To find how much hits are from an average in this case 120/37=3.24
Subtract from amount of hits 3.24
Then divide result with 3.24.
Bingo

Make a chart and you get something as this.

Showing 72% advantage at 11,12

Median would be in middle of green area so 14 which could be safer to play.

So let’s look now SD across 7 pockets sector

SQRT (7/37 x 30/37 x 120) = SQRT 18.4 = 4.29

It is higher.
But Mean in this case would be (120 / 37) x 7 = 22.7
And around position 12 on 7 pockets sector we have 39 hits.

So let’s check z-score;

Z = (39 – 22.7) / 4.29 = 3.79

You can see z-score is much higher even the normal SD distribution is higher.

It tells you that almost there is no chance that so much higher amount of hits across 7 pockets is just a coincidence.


How to calculate roulette advantage using ball jumps chart and prediciton data?
#2

Looks like the same wheel, about which we talked in neighbour posts , i writed formula how to calculate…


#13

While z-score or how we like to say amount if standard deviations tells us probability we can easy calculate our possible winnings based on the ball jumps data.

In our example we have 39 hits on the sector of 7 pockets in 120 spins we played.
If we play 7 numbers sector for 120 spins we would play;

7 x 120 = 840 units
We would win 36 units 39 times therefore
36 x 39 = 1404
And profit 1404 – 840 = 564 units

If we divide profit with units we invested we get advantage
564 / 840 = 0.67
It is 67% advantage
It means for each $100 we place on the table we would profit $68
We actually changed the casinos – 2.7% advantage, so the total change is about 70%.

On same principle we can calculate casinos advantage for the particular bet

For a single number

Chance to win is W = 1/37
Chance to lose L= 36/37
35 is amount of units we win
W = 1/37 x 35 = 0.027 x 35 = 0.945
1 is amount of units we lose
L= 36/37 x 1 = 0.972
We subtract L form W.
Advantage = 0.945 – 0.972 = - 0.027; or – 2.7%

On a same way we can calculate it for a spit bet

On a split bet we would win 17 units, 2 times on 37 spins and lose 35 times 1 unit;
Advantage = W – L = (2/37 x 17) – (35/37 x 1) = 0.918 – 0.945 = - 0.027

Someone may get confused and say but on a split bet I win 18 units because I get my chip as well. It is truth but then you wouldn’t lose one unit 35/37 but 37/37 times and calculation would be;
Advantage = W – L = (2/37 x 18) – 37/37 = 0.972 - 1 = -0.027 = - 2.7%


#3

I would like to know this as well
:slight_smile: Can you link to that “neighbor” post? Or is it private?

Thank you


#6

What wheel is that data from? And what ball? Looks kind of similar to my jump chart.

I think the best is ~15


#4

Almost same, but notice this is a question. When creating post there is tag area , if you write question the thread gets another format. Also members can give votes to answers they like.

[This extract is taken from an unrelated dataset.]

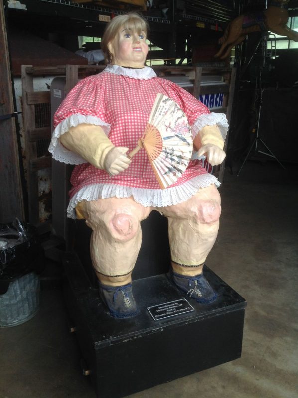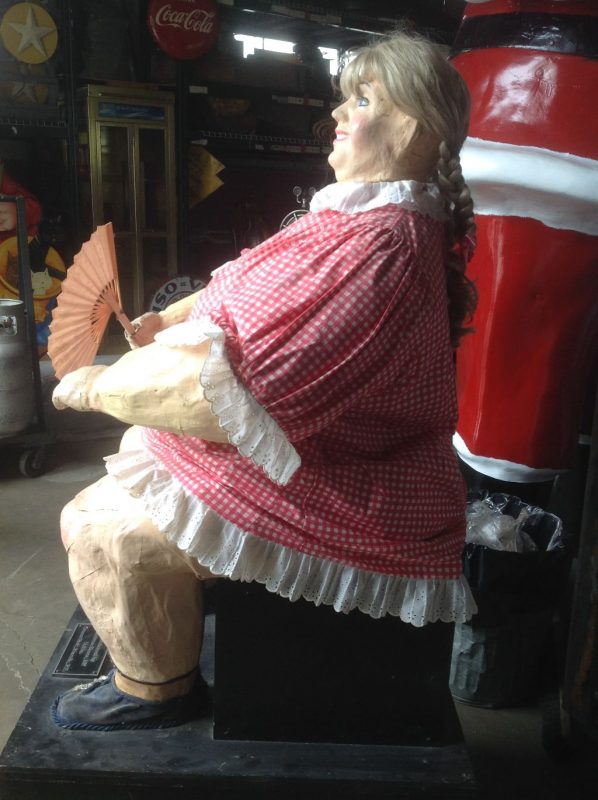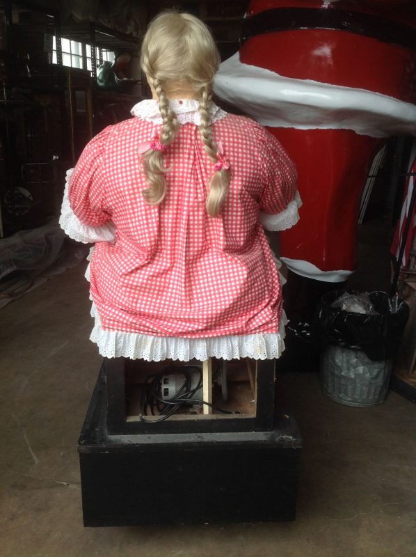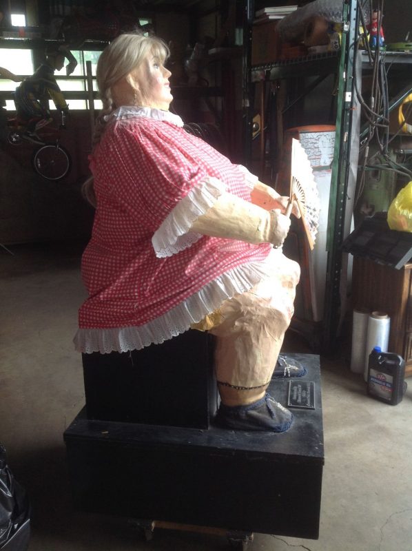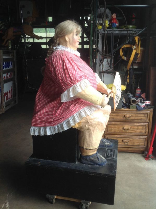 Antique animated Crescent Park RI amusement park laughing lady in as found working condition. This plump beauty works, shakes and moves side to side as she sits upon her resting place. Manufactured by the famous Messore Damon Company, New York back in the early 1950’s. She was made to promote attention to amusement rides, such as dark rides at attractions and amusement parks. Never manufactured to laugh but comes with a laughing CD. Made of paper mache and plaster. Nice overall condition needing very little restoration. Rare to find one as nice………..

You can replay to each post, or you can answer. Also the answers get sorted by highest vote.

Not sure who would be the best for this subject perhaps @Snowman.


#9

Good writed and good will be will write source.

But here is again the same problem , that we to all look after all happend. So we have data - find best place and for it we look how much sigmas we have…


#5

I think not private…


#8

It is , just an example data.


#12

1 SD has its meaning. The point is that you could see how with more numbers it increasing. We already made decision to look numbers next to each other but not just any with highest hits. That makes it different from what bias player may do.


#10

Should reply to the answer instead of making the answer but commenting it.
I am not sure, if looking only 2 numbers at any place than yes. But if looking next to each other numbers where most of them have significantly higher hits it is a different story.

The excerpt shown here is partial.